Your assignment
The listing below should be printed exactly, though its pictures must not be.

The data
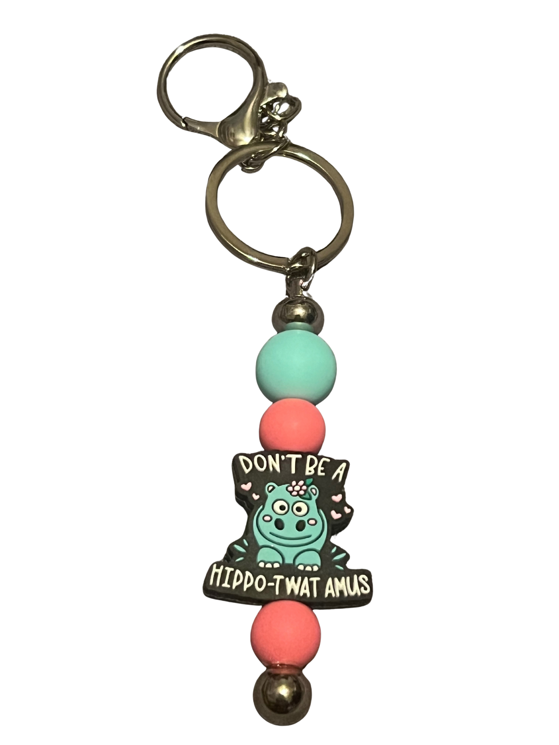 Handmade “Don’t Be a Hippo-Twat-Amus” Beaded Keychain
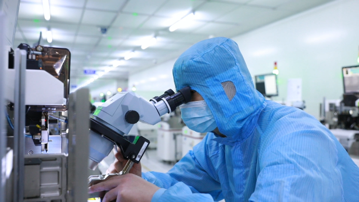 在無塵車間里,機(jī)器一刻不停運(yùn)轉(zhuǎn)著,操作人員正在進(jìn)行裝片。
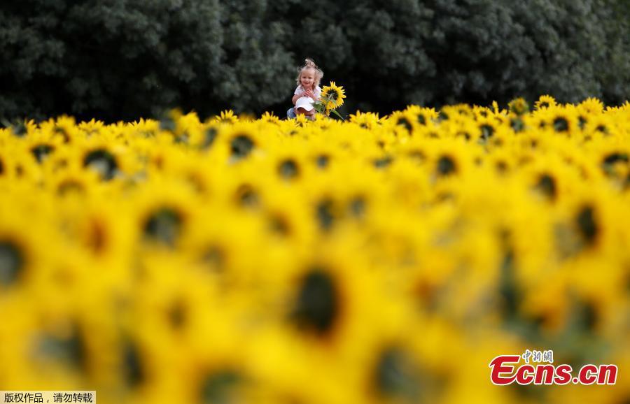 Skyla sits on her father's shoulders, amongst sunflowers at The Pop Up Farm in Flamstead, St Albans, Britain, August 29, 2021. (Photo/Agencies)
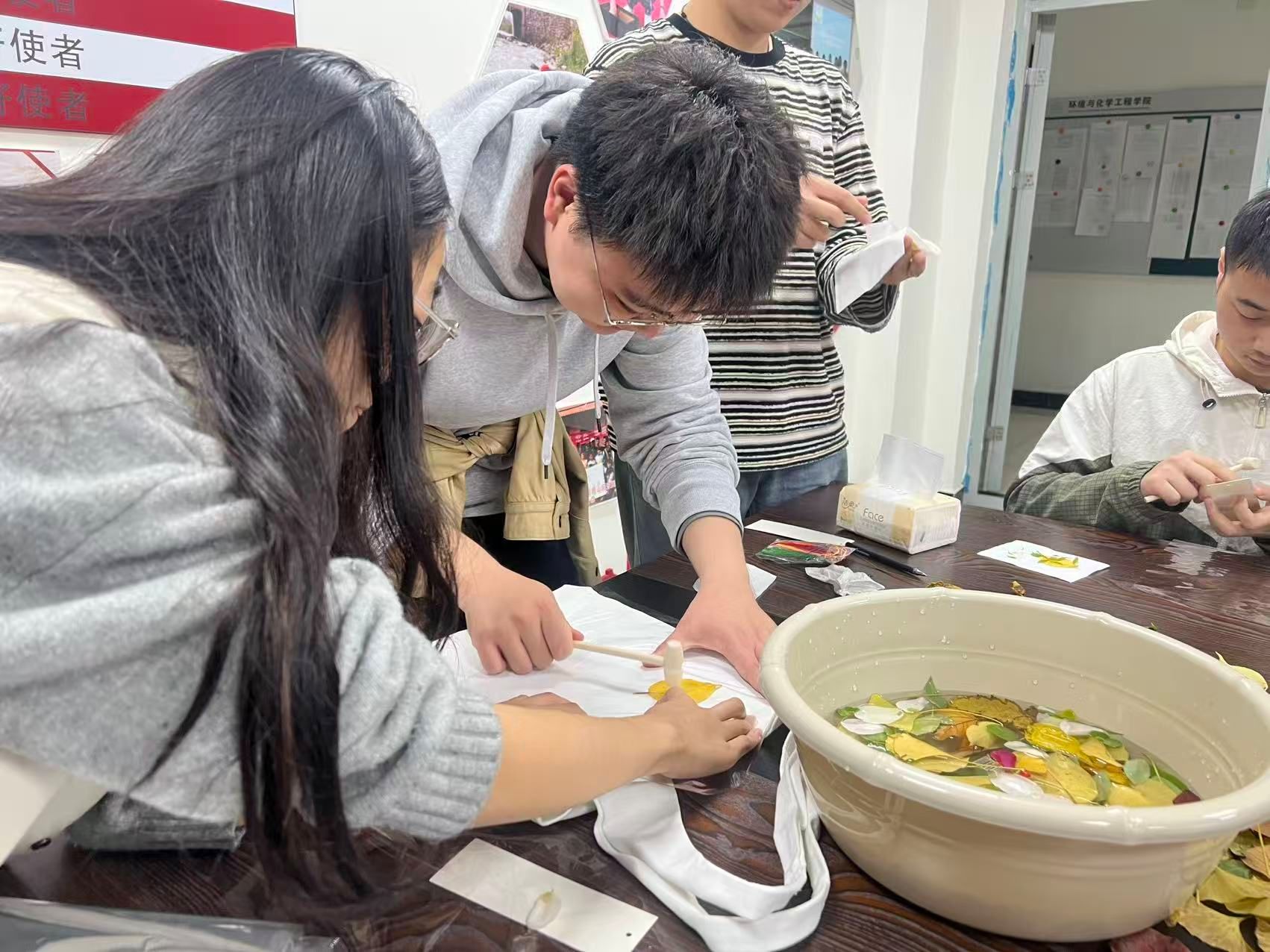 11月10日,我们“化蝶”手工坊在“一站式”学生社区举办“落叶印象,重塑新生”植物拓印活动。本次活动吸引了二十几位学生踊跃参与。
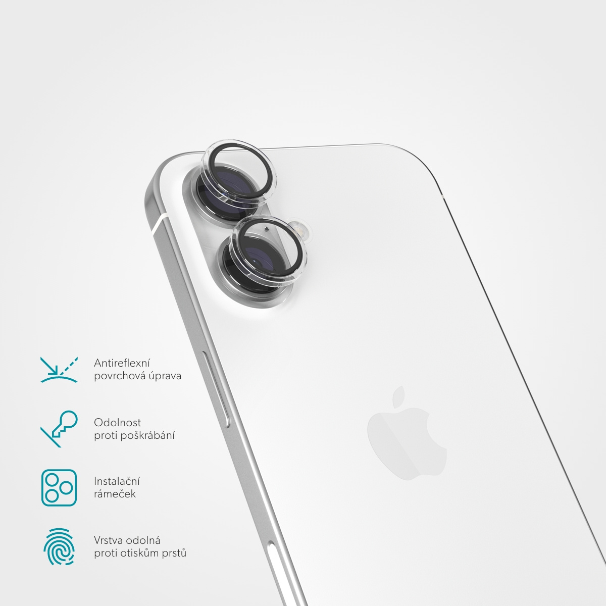 Ochrana pro čočky fotoaparátu, pro Apple iPhone 16/16 Plus, tvrzené sklo, tvrdost 9H, součástí: instalační rámeček.

Response to the exercise
 Handmade “Don’t Be a Hippo-Twat-Amus” Beaded Keychain
 在無塵車間里,機(jī)器一刻不停運(yùn)轉(zhuǎn)著,操作人員正在進(jìn)行裝片。
 Skyla sits on her father's shoulders, amongst sunflowers at The Pop Up Farm in Flamstead, St Albans, Britain, August 29, 2021. (Photo/Agencies)
 11月10日,我们“化蝶”手工坊在“一站式”学生社区举办“落叶印象,重塑新生”植物拓印活动。本次活动吸引了二十几位学生踊跃参与。
 Ochrana pro čočky fotoaparátu, pro Apple iPhone 16/16 Plus, tvrzené sklo, tvrdost 9H, součástí: instalační rámeček.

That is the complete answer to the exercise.